Here is the code for reference:

package main

import "fmt"

func updateMap(m *map[byte]bool) {
    if *m == nil {
        *m = make(map[byte]bool) // Modify
    }
    (*m)['c'] = true
}

func main() {
    myMaps := make([]map[byte]bool, 10)

    for i := range myMaps {
        updateMap(&myMaps[i]) // Reference
        fmt.Println(myMaps[i])
    }
}

Output

map[99:true]
map[99:true]
map[99:true]
map[99:true]
map[99:true]
map[99:true]
map[99:true]
map[99:true]
map[99:true]
map[99:true]

Remarks

I will note that it it generally better to pass in a value and return a value like Kamran Khalid suggests.

Pure functions can make the code easier to follow. When you mutate values inside a function, there are side-effects that can be undesirable and cause very difficult bugs to happen.

Your main initialises a slice of maps (references), but those map references are themselves nil since they are not initialised.

When updateMap is then called, it receives a nil reference; this should help understand that what has been passed is not a reference to a particular element in the slice, but (a copy of) the reference held in each element. Each reference being is nil.

When updateMap receives the nil reference a new map is initialised and a reference to that new map then overwrites the nil reference that was passed in. So when you set the c key, you are setting it in a map which is only referenced by the m variable in updateMap.

This should then make it clear why initialising the maps in each slice element in the loop works differently.

    for _, m := range myMaps {
        m = make(map[byte]bool)
        updateMap(m)
        fmt.Println(m)
    }

You did not post what your version of "moving initialisation to the loop" looked like, and it should be noted that the above does not modify the myMaps slice of maps. It takes each element from myMaps (still nil in this version at the start of each iteration) and again overwrites that copy of the reference with a reference to a newly initialised map.

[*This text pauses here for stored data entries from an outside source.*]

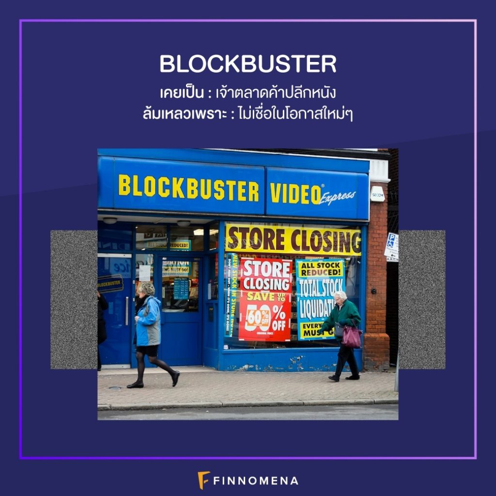 ในตอนนั้นเอง Netflix ที่ทำธุรกิจส่งหนังในรูปแบบ DVD ตามบ้าน ได้เข้ามาขอร่วมมือกับ BLOCKBUSTER แต่ก็โดนปฎิเสธ หลังจากนั้น BLOCKBUSTER ก็ทำธุรกิจสตรีมมิ่งออนไลน์ซึ่งก็ทำได้ดีมาก แต่ CEO ใหม่ที่เข้ามาบริหารในปี 2007 กลับไม่เชื่อในธุรกิจสตรีมมิ่งออนไลน์ และ BLOCKBUSTER ก็ต้องล้มละลาย 3 ปีต่อมา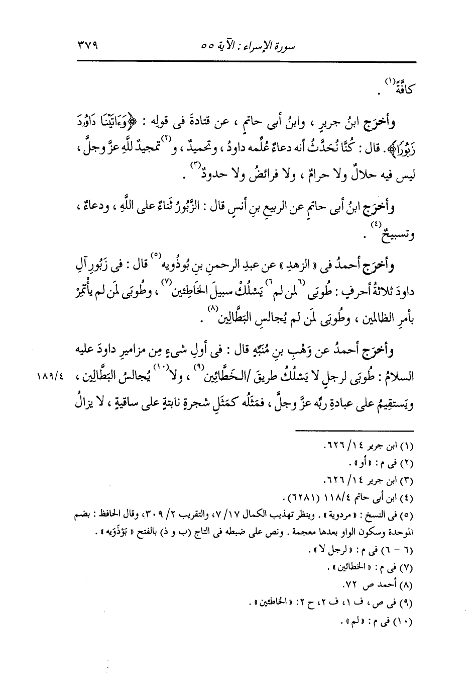 وأخرج ابن جرير ، وَابن أبي حاتم عن قتادة رضي الله عنه في قوله : {وآتينا داود زبورا} قال : كنا نحدث أنه دعاء علمه داود وتحميد أو تمجيد الله عز وجل ليس فيه حلال ولا حرام ولا فرائض ولا حدود.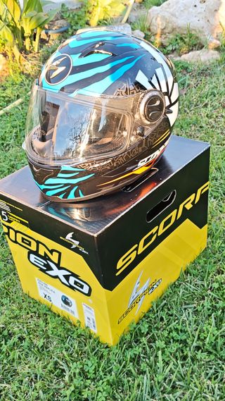 Casco Scorpion EXO talla xs con un diseño llamativo en negro, azul y blanco. Se encuentra en su caja original. - Diseño deportivo. - Talla XS. - Incluye caja original.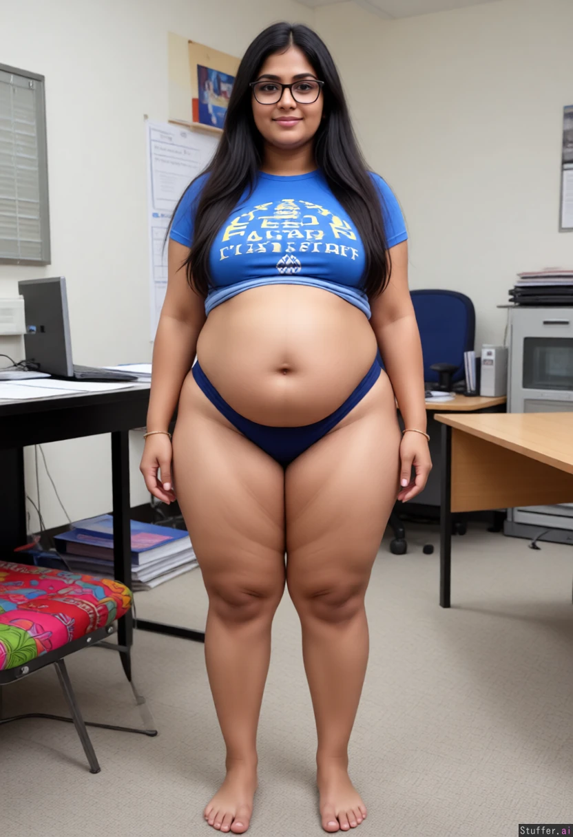 Make her short enough to fit her whole body in frame, fatter hips, thicker thighs, extremely wide hips, hyper wide hips, extra chubby, Sri Lankan, goddess, nerd, beautiful fat feet, long hair, bulging belly, bellyheavy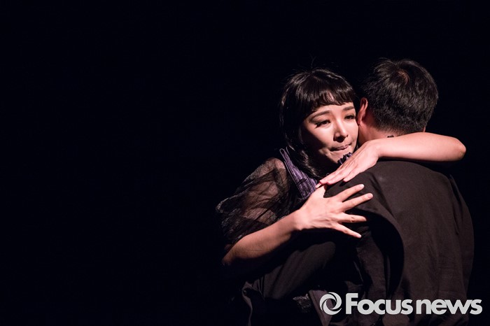 (서울=포커스뉴스) 8일 오후 서울 종로구 동숭아트센터에서 열린 오페라연극 '맥베스' 프레스콜에 참여한 배우 서지유(왼쪽)와 김재만이 주요장면을 시연하고 있다.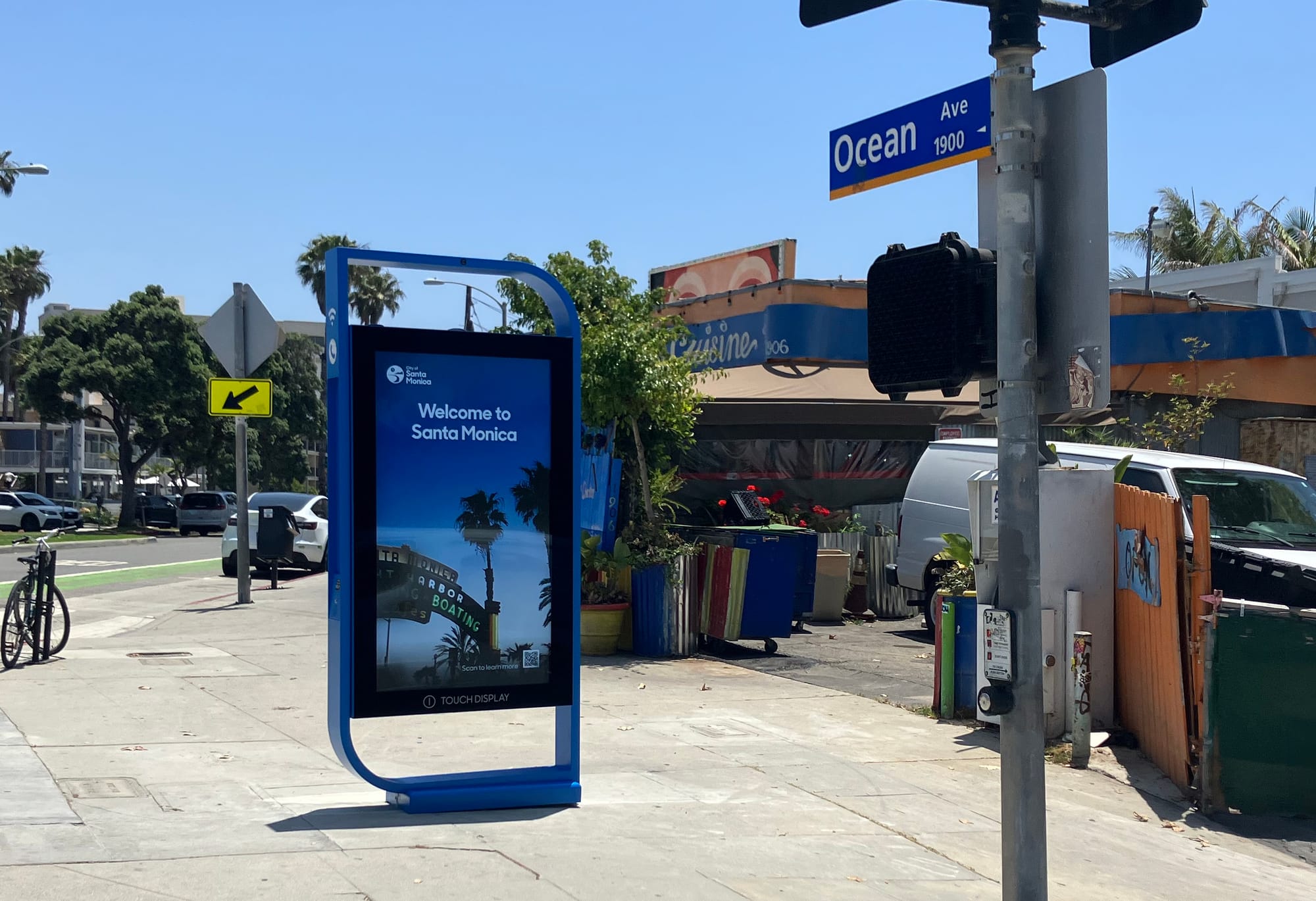 Based on the City’s website, the first phase of the rollout incorporates a total of six displays with a deployment date of July 1, 2024. Kiosks have been installed at the following locations, 4th/Wilshire (test location), Ocean/Pico (Cha Cha Chicken) and Ocean/Arizona (The Beacon). The three still to come as part of this primary placement are Ocean/Santa Monica, Ocean/Broadway and Boardwalk/Pico.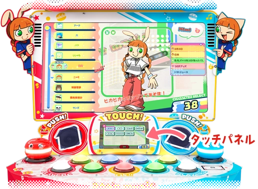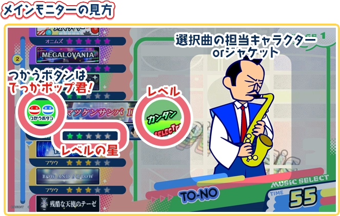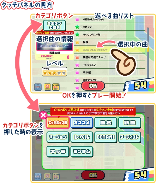 タッチパネルからプレーしたい曲を選んでね。9ボタンで遊びたいときはタッチパネルの左上の「9ボタンで遊ぶ」を押して「でっかポップ君」以外のカテゴリを選ぼう!

The Println is being given that same, new reference and outputs the map as updated by updateMap. But the corresponding element in the slice is still nil, as will be seen if you range over myMaps to inspect it again:

    for _, m := range myMaps {
        m = make(map[byte]bool)
        updateMap(m)
        fmt.Println(m)
    }

    for _, m := range myMaps {
        fmt.Println(m)
    }

The way to fix that is to range over the indexes of the slice and work with those directly, which might look similar to:

for i := range myMaps {
    myMaps[i] = make(map[byte]bool)

    m := myMaps[i]
    updateMap(m)

    fmt.Println(m)
}

You could modify updateMaps to accept a *map[byte]bool (pointer to map) but this would be considered unusual or, in Go parlance, non-idiomatic and therefore not something you should do without a very good reason, which I don't this is.